Public graph-mutation primitives for projection authors: DependencyGraph.copy, set_node_formula, remove_node, set_node_metadata, add_edge. Compose steps with apply_projection(graph, [step_a, step_b]); multiple steps fold into a CompositeProjectionManifest that chains the forwarding map and preserves each component manifest (heterogeneous kinds supported).

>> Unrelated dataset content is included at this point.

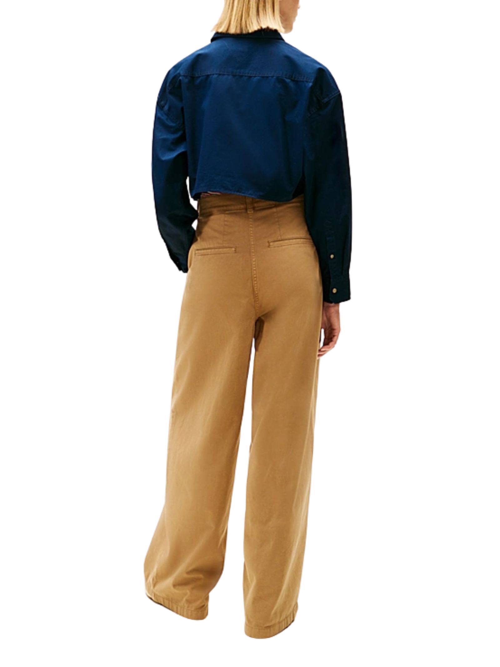 Camicia crop oversize dal design di ispirazione funzionale, realizzata in twill di puro cotone, con colletto semifrancese, polsini smussati con bottone, due tasche con patta sul petto, bottoni in metallo con logo Tommy Jeans in rilievo, spalle scese e dettagli iconici con bandierina ricamata sulla tasca. 100% cotone.

A parity-tested formula-inlining/subgraph-collapse engine is a planned follow-up; until then, authors own the substitution logic in their projection step. A config-driven registry for selecting projections (mirroring web viz layouts) may follow when needed.

Alignment status

Changes aligned in this release:

Deferred (no change needed yet):

  • Graph build hooks remain direct-only; a registry would add no value for one-off instrumentation.
  • Series docstring renderers stay lookup-only (no global registration); built-ins are fixed and custom renderers are passed inline.

Roadmap

  • Continue expanding three-way parity coverage: evaluator ↔︎ export runtime, evaluator ↔︎ Excel (cache and live automation where available), especially for representation-sensitive areas such as OFFSET, INDIRECT, LOOKUP, MATCH, and INDEX.
  • Refine the dynamic-reference configuration API and constraints tooling (e.g., validation helpers) as more real-world models and templates are integrated.